- Born: Owen Lyndon Wade 17 May 1921
- Died: 10 December 2008 (aged 87)

= Owen Wade (physician) =

British medical researcher and academic

Owen Lyndon Wade (1921-2008) was a British medical researcher and academic, described by the Royal College of Physicians as "one of the founding fathers of clinical pharmacology and therapeutics in the UK".

Wade was born in Penarth, South Wales, on 17 May 1921, to Katie Jones and James Owen David Wade, the latter a surgeon.

He was educated at Emmanuel College, Cambridge and University College, London, and subsequently worked as a clinical assistant at the Pneumoconiosis Research Unit from 1948 to 1951. He was pointed as a lecturer in medicine at the University of Birmingham in 1951, rising to Senior Lecturer. In 1957, he became Whitla Professor of Therapeutics and Pharmacology at Queen's University, Belfast. In 1971 he returned to Birmingham, in the post of Professor of Therapeutics and Clinical Pharmacology, from which he retired in 1986. He was also dean of Birmingham Medical School from 1978 to 1984. Immediately on appointment he had to deal with the aftermath of a smallpox outbreak there.

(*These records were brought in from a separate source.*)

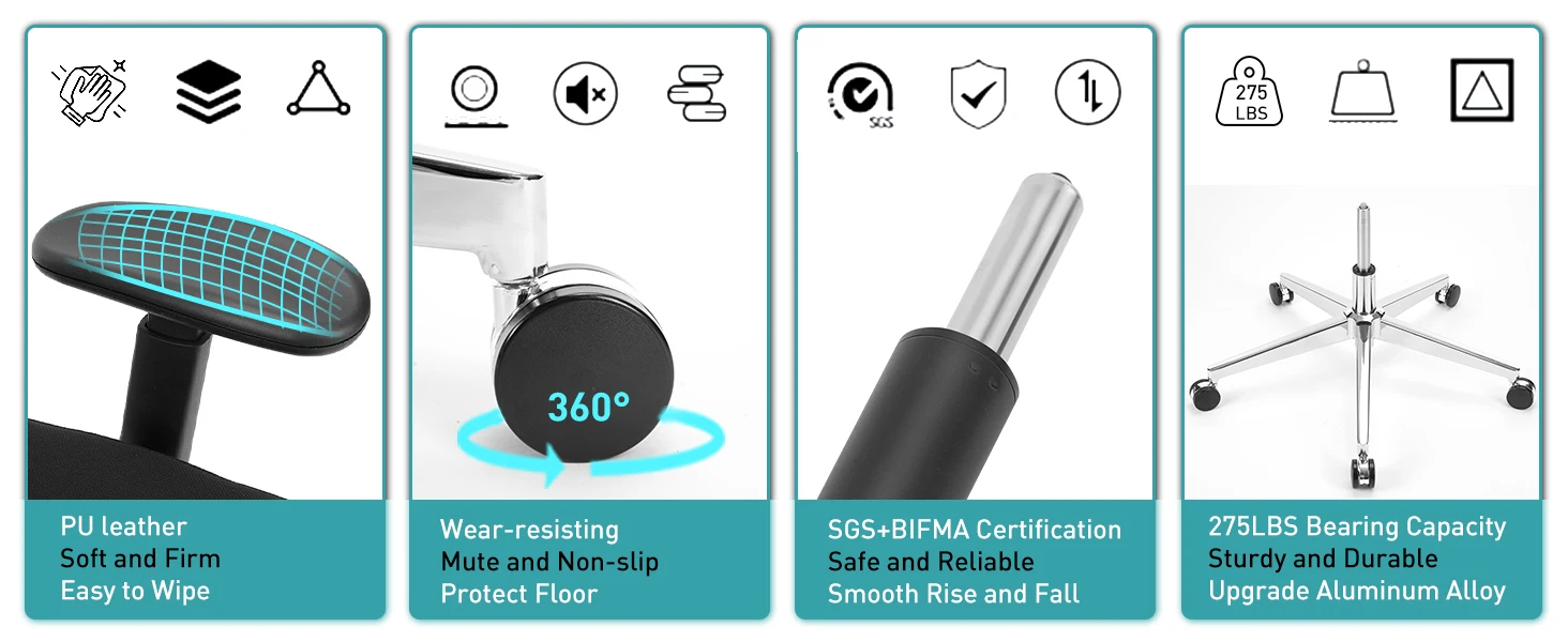 【Easy Mobility】Equipped with smooth-rolling wheels, this computer chair ensures effortless movement around your office or workspace. Switch between tasks seamlessly without having to leave your seat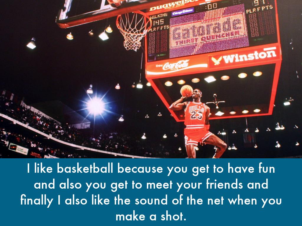 I like basketball because you get to have fun and also you get to meet your friends and finally I also like the sound of the net when you make a shot.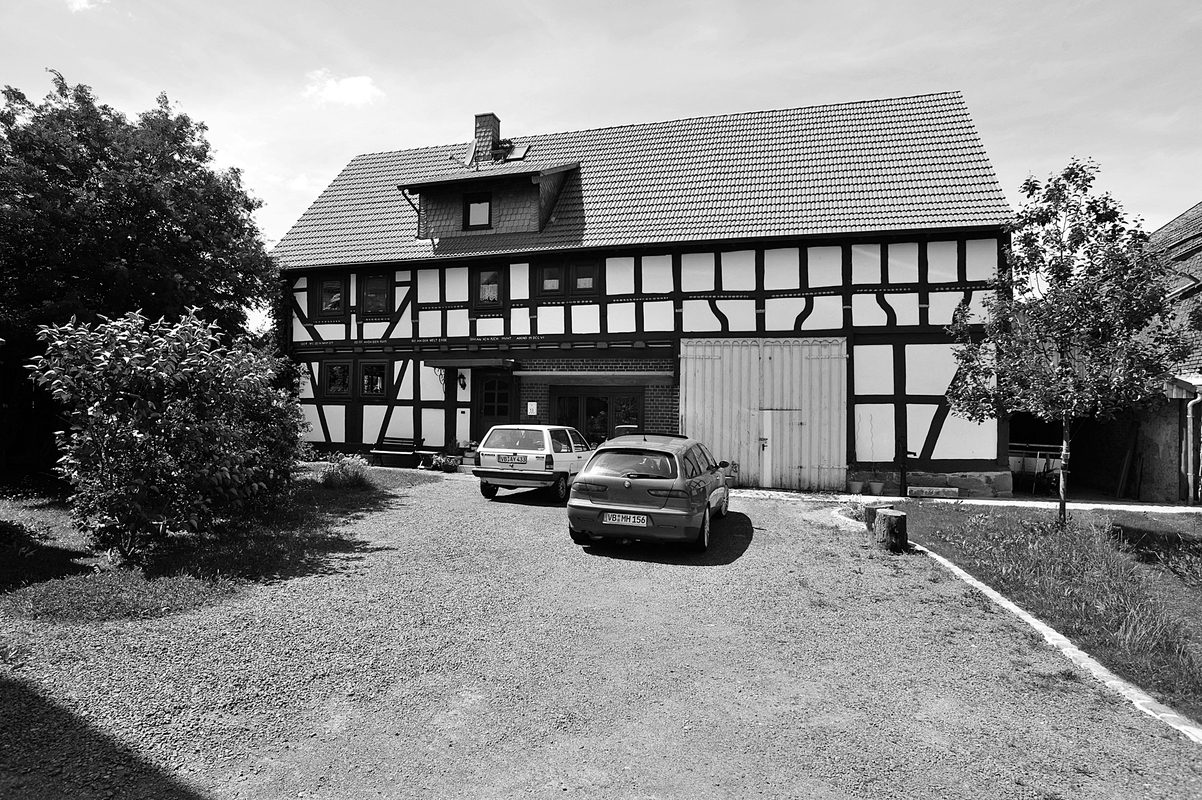Der von der Straße stark zurückgesetzte traufständige Hof ist zunächst wegen seiner besonderen Fachwerkausgestaltung von Bedeutung. Er wird in der Literatur außerdem als eines der ersten Beispiele eines Einhofs in der Region bezeichnet. Nach der Stockschwelleninschrift (Psalm 48 Vers 11: "GOTT WIE DEIN NAM IST SO IST AVCH DEIN RVM BIS AN DER WELT ENDE IOHAN HENRICH MVHT ANNO MDCCVI") ist das Anwesen 1706 erbaut worden. Es ist fünfzonig und bis auf den erneuerten Stuben- und den Stallbereich recht gut erhalten. Kennzeichen der so insbesondere mit dem auskragenden Obergeschoss in Erscheinung tretenden originalen Konstruktion sind das Quergebälk mit profilierten Balkenköpfen und Taustäben und die leichte Vorkragung der noch fast ganz durchlaufenden Kette der Brüstungsriegel, die ebenso wie die etwas tiefer ansetzenden konsolartigen Vorsprünge an Wandständern und Streben mit floralen Schnitzereien geziert sind. Bemerkenswert ist das Fehlen von alten Verstrebungen an der Ansichtsseite, nur der ebenfalls geschnitzte Eckständer der Oberstube scheint bereits ursprünglich durch eine halbe Mann-Figur ausgesteift gewesen zu sein. Auffällig sind auch die gebogenen Stiele, die symmetrisch angeordnet die Brüstungsgefache über Tenne und Bansen zieren.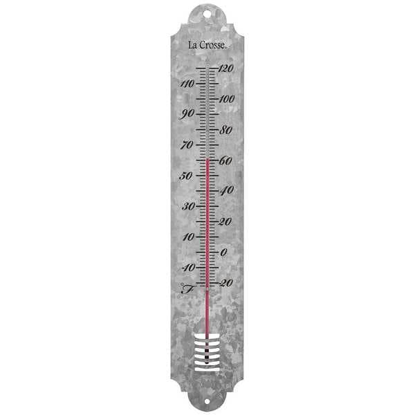 Thermometer, -20 Degrees to 120 Degrees F, Primary Scale Temperature, Case Material Galvanized Metal, Wall, 19 1/2 L x 3 1/2 in W

He oversaw the modernisation and 1981 relaunch of the British National Formulary.

Wade's autobiography was published in 1986. He was a Fellow of the Royal College of Physicians (FRCP) and was made a Commander of the Order of the British Empire (CBE) in the 1983 Birthday Honours.

He died on 10 December 2008.

== Bibliography ==

- Wade, Owen (1996). "When I Dropped the Knife"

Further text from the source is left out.